Treasury Officials Testify on Solyndra

By Ryan Tracy

The Treasury Department Friday declined to say whether it believes the Energy Department acted illegally when it decided earlier this year to rework a federal loan to Solyndra LLC in an effort to keep the struggling company afloat.

WASHINGTON—The Treasury Department Friday declined to say whether it believes the Energy Department acted illegally when it decided earlier this year to rework a federal loan to Solyndra LLC in an effort to keep the struggling company afloat.

A hearing called by Republicans on the House Subcommittee on Oversight and Investigations was supposed to examine whether that decision was legal, but the two Treasury officials called to testify Friday said they were not in a position to render legal opinions. More hearings are planned, with the Energy Department officials who approved the decision, including Energy Secretary Steven Chu, expected to be invited to testify.

At issue is whether the Energy Department violated part of the 2005 Energy Policy Act when it allowed Solyndra to take out new loans in February 2011. The department agreed that $75 million in new loans from private investors would be paid back before federal loans worth more than $500 million if the company had to be liquidated. Solyndra filed for bankruptcy last month and is trying to sell its assets.
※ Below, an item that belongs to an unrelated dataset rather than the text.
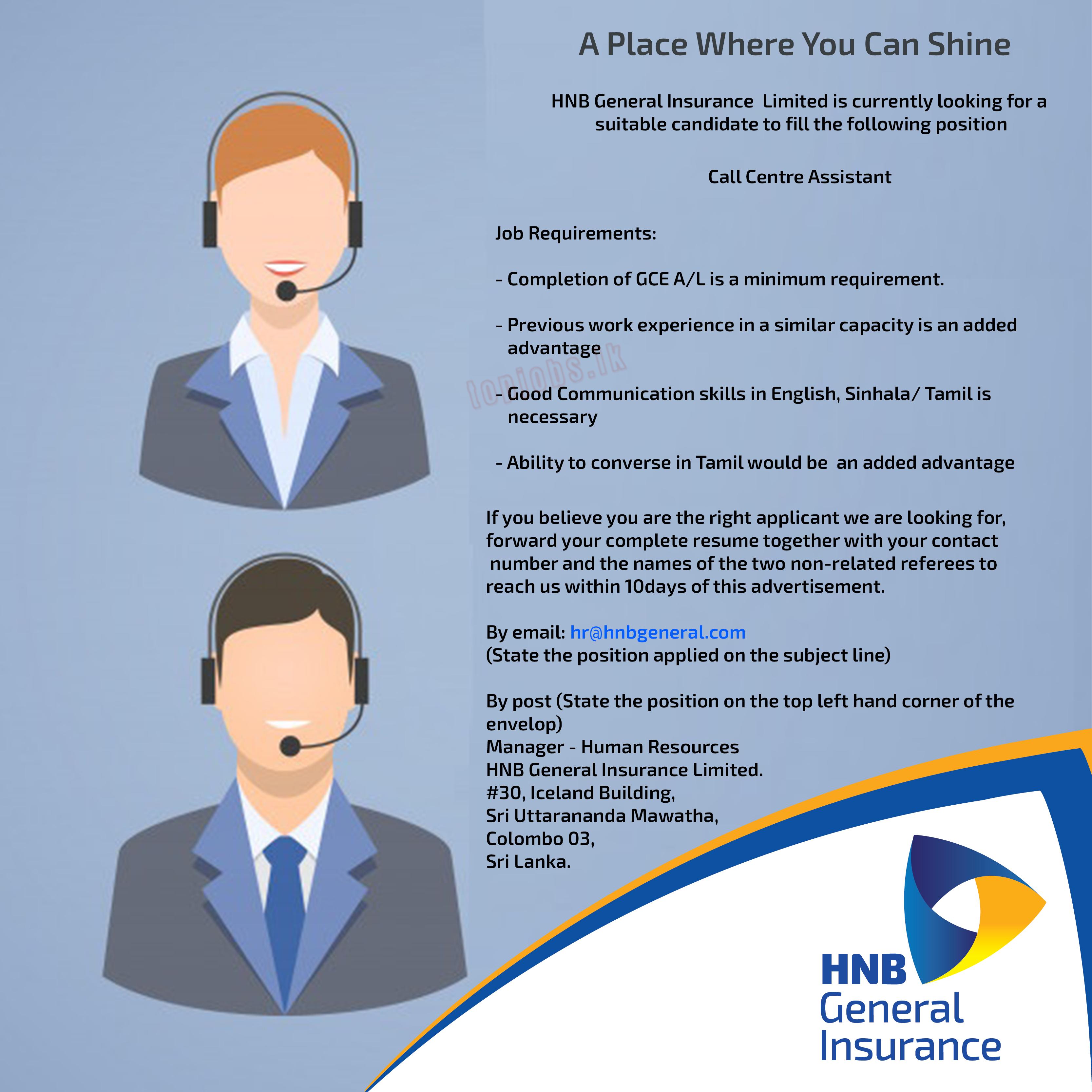Job Title: Call Center Assistant – HNB General Insurance Limited

In emails released recently, officials at the Treasury Department questioned whether the reworking of the loan was proper. They suggested the Justice Department should have been consulted. But the two witnesses from Treasury did not criticize the Energy Department Friday.
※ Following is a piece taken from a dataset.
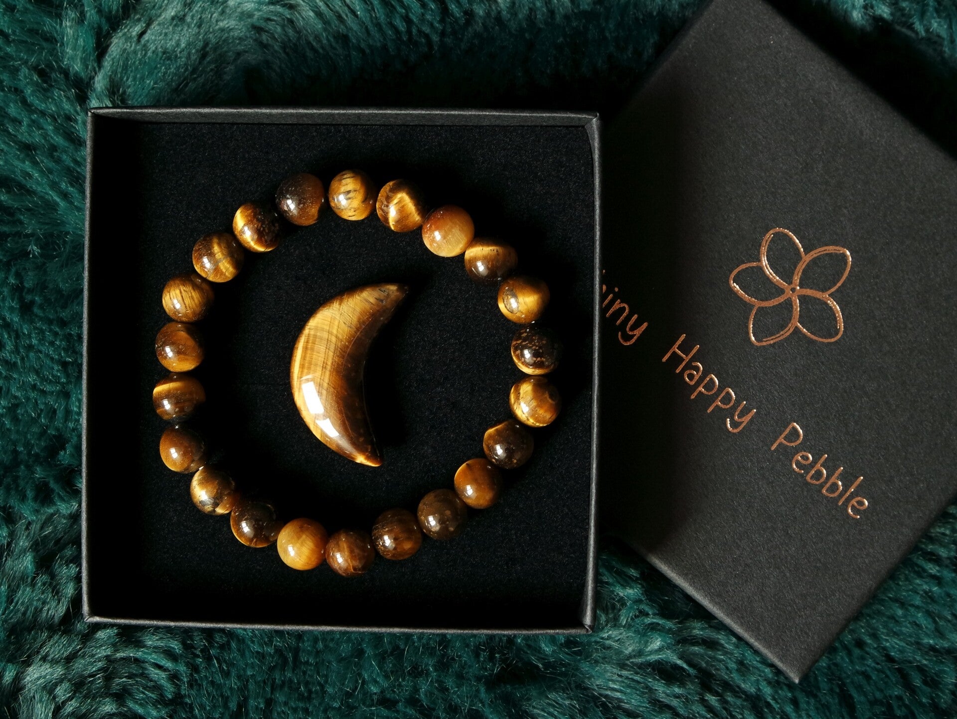 De elastische armband in deze geschenkverpakking heeft een standaardformaat (circa 18,5 cm, tussen de 17-20 cm lang) of een groter formaat (ook voor heren, circa 21,5cm, tussen de 20 en 23cm lang. De edelsteenkralen hebben een diameter van circa 8 mm. De maan van tijgeroog is ongeveer 3 cm lang.

"We did not have a legal conclusion or render a legal judgment," said Gary Grippo, Treasury's deputy assistant secretary for government financial policy. He said the department was merely "flagging" the issue and it was up to the Energy or Justice departments to determine the legality of the loan restructuring.

Republicans contend the 2005 law says federal debt must always be paid back first. The Energy Department says that section of the statute does not apply. The department also says restructuring the loan was the best bet at the time.

"The proposed new loan provided terms that were expected to be more favorable to taxpayers than any other financing options that were available to the company at that time," Jonathan Silver, then head of the department's loan program, said in Sept. 14 testimony before the subcommittee.

Mr. Silver said giving new loans priority over existing loans "is typical in cases where distressed companies seek new debt financing."

Rep. Morgan Griffith (R., Va.), said that in arranging the new financing, the administration was "trying to cover up a fact that they made a bad loan and they went and broke the law."

Democrats said they supported a continuing investigation, but said the Republican accusations weren't supported by the evidence. "There was no criminal or serious misbehavior here. There was just some dumbness," said Rep. John Dingell (D., Mich.).